*Collected data*.

━━━━━━━━━━

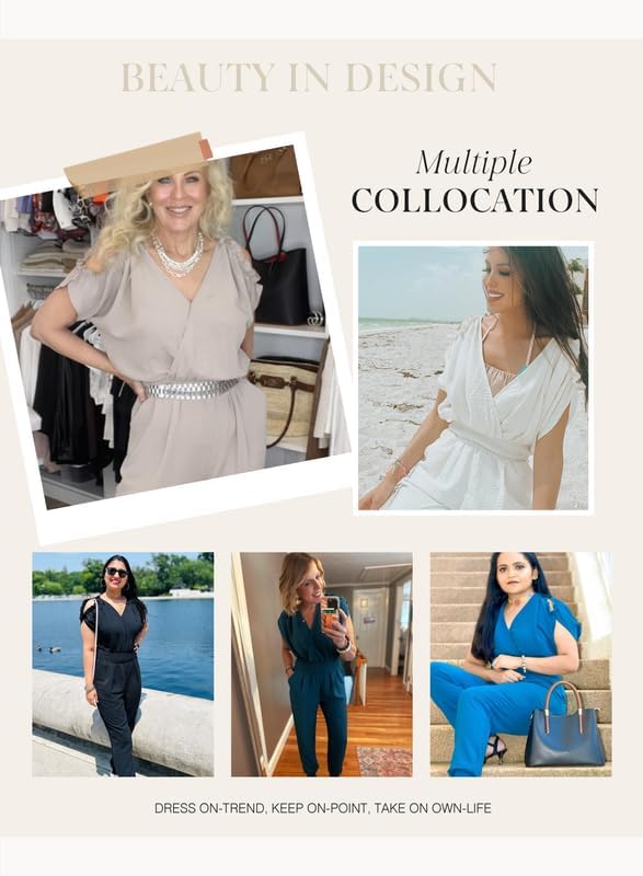 High WaistDesign:Super flaterring cute Jumpsuits for women,the elastic smocket atthe waist lifts your waistline,hides your mom-tummy, it’s great that thepants have elastic at the bottom, looks cute with heels or flats.
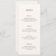 Menu de casamento moderno com um simples design com uma combinação de uma fonte sans serif contemporânea, um roteiro elegante e uma fonte itálica.
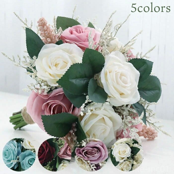 ウェディングブーケ ブライダルブーケ 4色 ローズ 白【ブーケ】ホワイト ウェディングブーケ 造花...
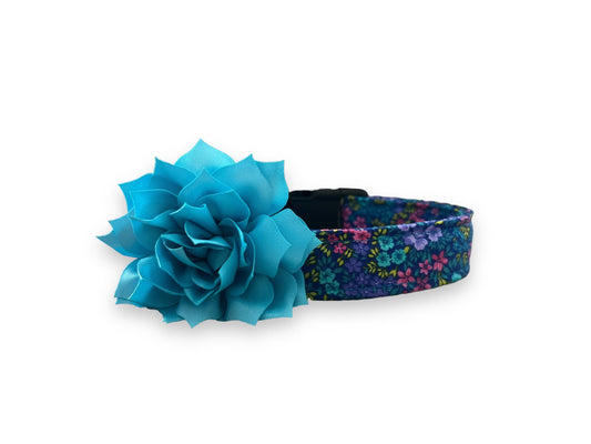 Dainty Blue & Beige Floral Dog Collar with Embellishment
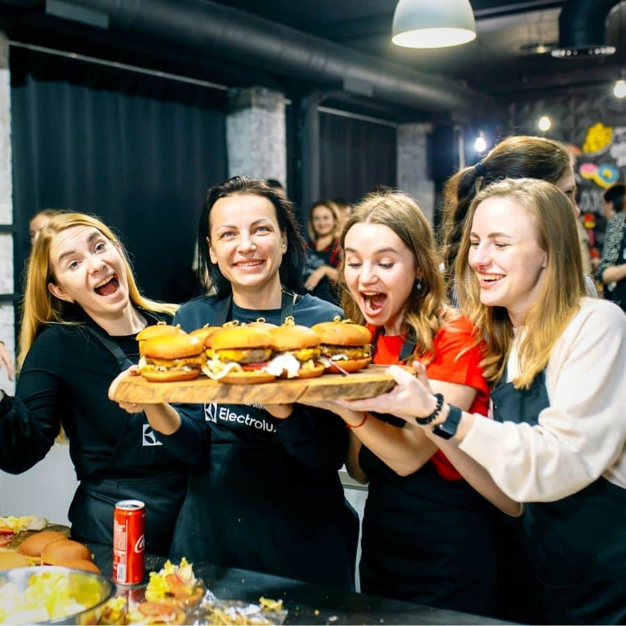 У кулінарному форматі кожен з учасників готуватиме їжу, а якщо Ви вибираєте інші види вечірок – ми організуємо найкращий фуршет з елементами шоу та гастро-захвату!
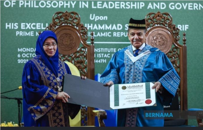 KUALA LUMPUR, Oct 7 (APP): The International Islamic University of Malaysia (IIUM) on Tuesday conferred an Honorary Degree of Doctor of Philosophy in Leadership and Governance on Prime Minister Muhammad Shehbaz Sharif in recognition of his outstanding leadership and contributions to nation-building.
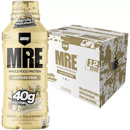 MRE Protein Shake – 40g Protein – Vanilla Milkshake (14 Fl Oz. / 12 Drinks)
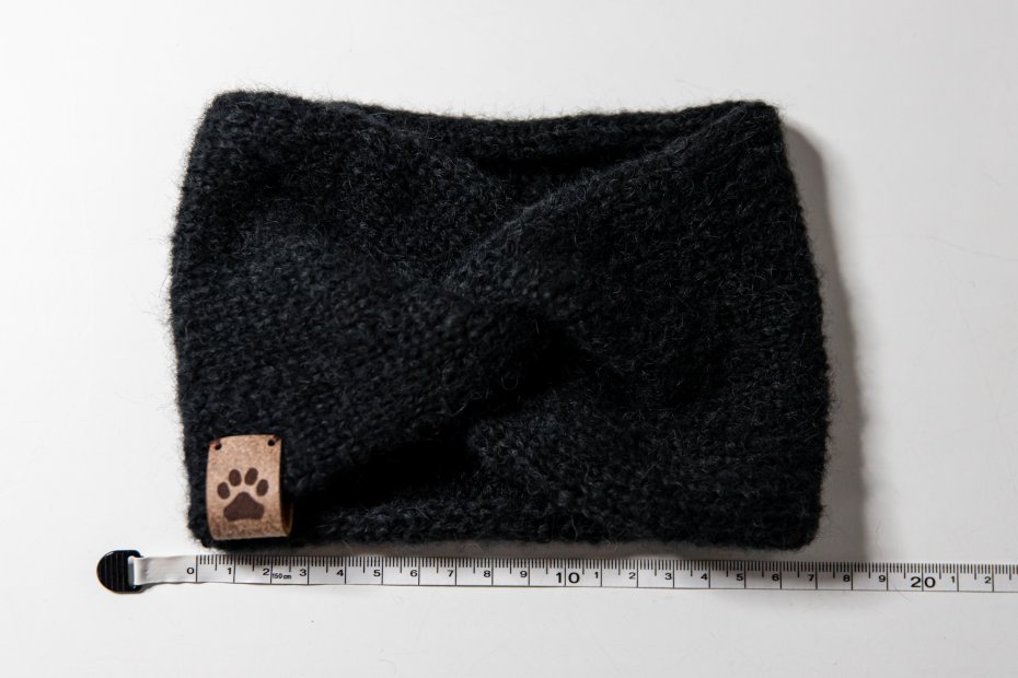 Opaska jest wykonana przeze mnie na drutach z włóczki Air Drops o składzie z metki: 65% Alpaca, 28% Polyamide. 7% Wool.
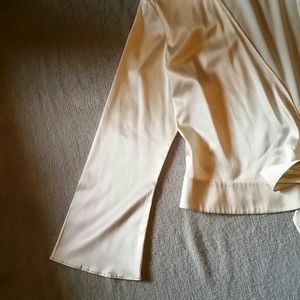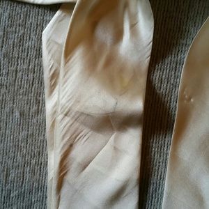Silky top with tie at the bottom. Has a little pen mark on the tie part. Shown in picture
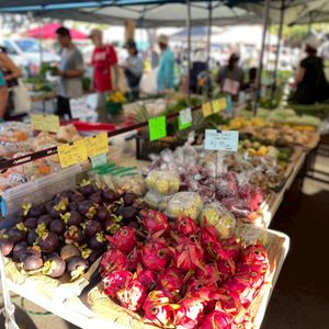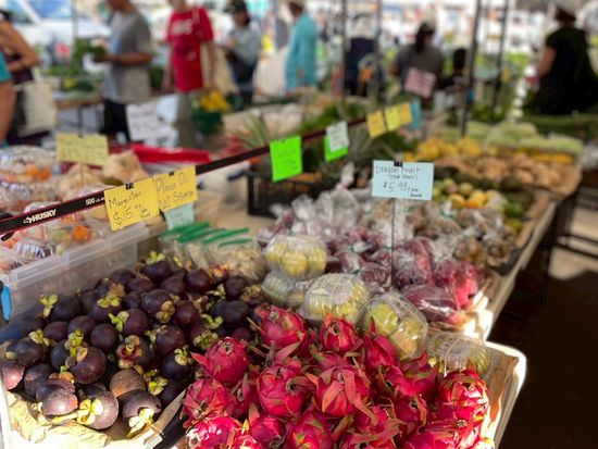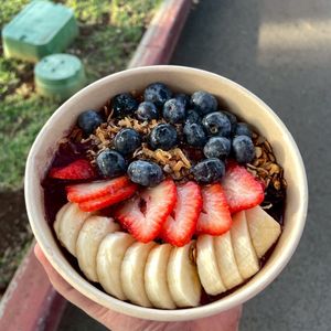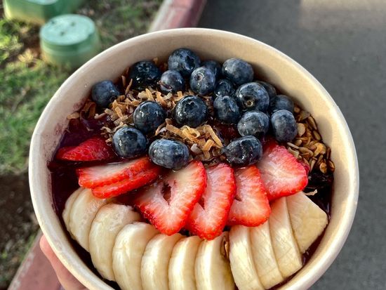朝早く、ダイヤモンドヘッドの頂上まで30分ほど登りましたが、日の出待ちの登山者で頂上は大混雑。すぐに下山してKCCマーケットへ向かいます。マーケットではズッシリと重いアサイーボウルを食べました。よく冷えていて、美味しかったです。
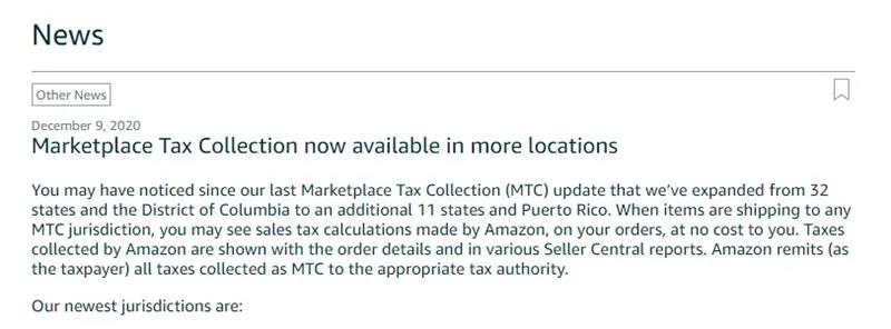 近日,亞馬遜美國站發(fā)布了一則有關(guān)在更多地區(qū)商城征稅(Marketplace Tax Collection)的公告,新增了11個需要由亞馬遜代收代繳銷售稅的地區(qū)。
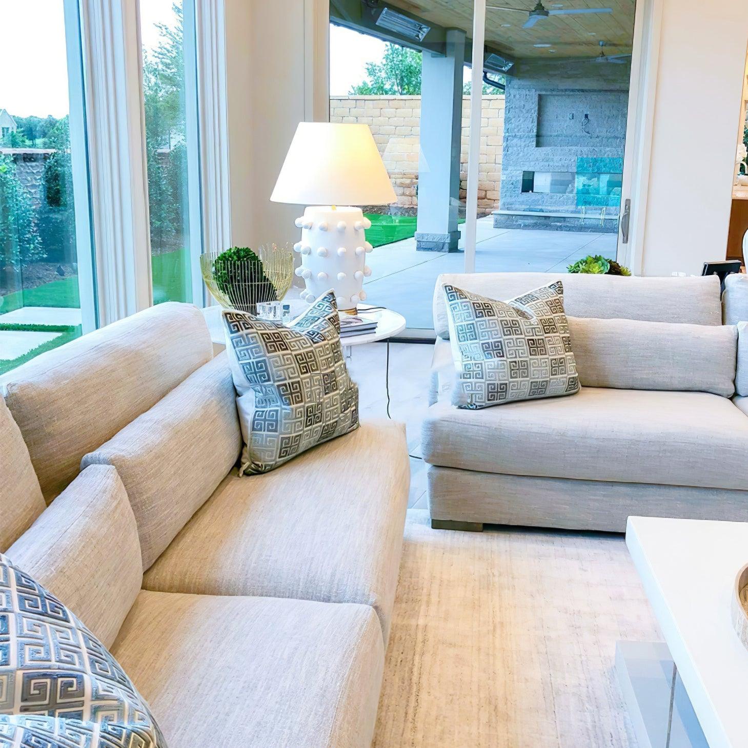 Light up your space with the Polka Dot Porcelain Table Lamp—a playful yet refined statement piece that blends tactile texture with soft, ambient illumination. The pristine white ceramic base is adorned with raised polka dots, inviting a closer look and adding visual interest as light plays across its surface. Topped with a fabric shade, this lamp combines tactile porcelain with a warm, diffused glow for a balanced, inviting atmosphere. Subtle brushed brass accents at the base and neck add a touch of luxury and warmth.
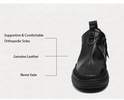 Hombres botas de cuero genuino con suelas ortopédicas de apoyo y cómodas
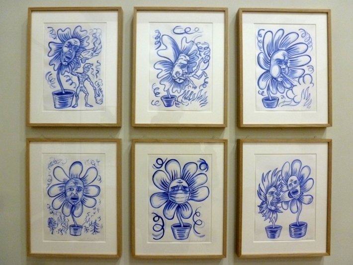 Puis, le dessin a suivi les mouvements de la peinture et des arts, en s’hybridant, en changeant les supports, le papier n’étant qu’un parmi d’autres, la peau des hommes et des animaux faisant irruption, Wim Delvoye exposant la peau d’un cochonqui a été tatoué de son vivant. Le crayon et l’encre ont laissé place à la peinture, aux « média mixtes ». Le dessin a été nourri de l’écriture insérée, s’est ouvert au mouvement, avec les séries. S’il est à la base du 9ème art, la BD, en retour ce genre l’a fortement influencé en introduisant de nouvelles approches de l’imaginaire ou des mises en scènes, tandis que plusieurs dessins pouvaient être mobilisés ensemble pour n’en faire qu’un, devenant des sortes d’installations, voire des sculptures. Mais ce sont surtout les sujets qui ont été les lieux des bouleversements majeurs.

━━━━━━━━━━

*Task directions*.
Every entry belongs in the answer exactly as written, but no picture does.

*Answer for the task*.
 High WaistDesign:Super flaterring cute Jumpsuits for women,the elastic smocket atthe waist lifts your waistline,hides your mom-tummy, it’s great that thepants have elastic at the bottom, looks cute with heels or flats.
 Menu de casamento moderno com um simples design com uma combinação de uma fonte sans serif contemporânea, um roteiro elegante e uma fonte itálica.
 ウェディングブーケ ブライダルブーケ 4色 ローズ 白【ブーケ】ホワイト ウェディングブーケ 造花...
 Dainty Blue & Beige Floral Dog Collar with Embellishment
 У кулінарному форматі кожен з учасників готуватиме їжу, а якщо Ви вибираєте інші види вечірок – ми організуємо найкращий фуршет з елементами шоу та гастро-захвату!
 KUALA LUMPUR, Oct 7 (APP): The International Islamic University of Malaysia (IIUM) on Tuesday conferred an Honorary Degree of Doctor of Philosophy in Leadership and Governance on Prime Minister Muhammad Shehbaz Sharif in recognition of his outstanding leadership and contributions to nation-building.
 MRE Protein Shake – 40g Protein – Vanilla Milkshake (14 Fl Oz. / 12 Drinks)
 Opaska jest wykonana przeze mnie na drutach z włóczki Air Drops o składzie z metki: 65% Alpaca, 28% Polyamide. 7% Wool.
Silky top with tie at the bottom. Has a little pen mark on the tie part. Shown in picture
朝早く、ダイヤモンドヘッドの頂上まで30分ほど登りましたが、日の出待ちの登山者で頂上は大混雑。すぐに下山してKCCマーケットへ向かいます。マーケットではズッシリと重いアサイーボウルを食べました。よく冷えていて、美味しかったです。
 近日,亞馬遜美國站發(fā)布了一則有關(guān)在更多地區(qū)商城征稅(Marketplace Tax Collection)的公告,新增了11個需要由亞馬遜代收代繳銷售稅的地區(qū)。
 Light up your space with the Polka Dot Porcelain Table Lamp—a playful yet refined statement piece that blends tactile texture with soft, ambient illumination. The pristine white ceramic base is adorned with raised polka dots, inviting a closer look and adding visual interest as light plays across its surface. Topped with a fabric shade, this lamp combines tactile porcelain with a warm, diffused glow for a balanced, inviting atmosphere. Subtle brushed brass accents at the base and neck add a touch of luxury and warmth.
 Hombres botas de cuero genuino con suelas ortopédicas de apoyo y cómodas
 Puis, le dessin a suivi les mouvements de la peinture et des arts, en s’hybridant, en changeant les supports, le papier n’étant qu’un parmi d’autres, la peau des hommes et des animaux faisant irruption, Wim Delvoye exposant la peau d’un cochonqui a été tatoué de son vivant. Le crayon et l’encre ont laissé place à la peinture, aux « média mixtes ». Le dessin a été nourri de l’écriture insérée, s’est ouvert au mouvement, avec les séries. S’il est à la base du 9ème art, la BD, en retour ce genre l’a fortement influencé en introduisant de nouvelles approches de l’imaginaire ou des mises en scènes, tandis que plusieurs dessins pouvaient être mobilisés ensemble pour n’en faire qu’un, devenant des sortes d’installations, voire des sculptures. Mais ce sont surtout les sujets qui ont été les lieux des bouleversements majeurs.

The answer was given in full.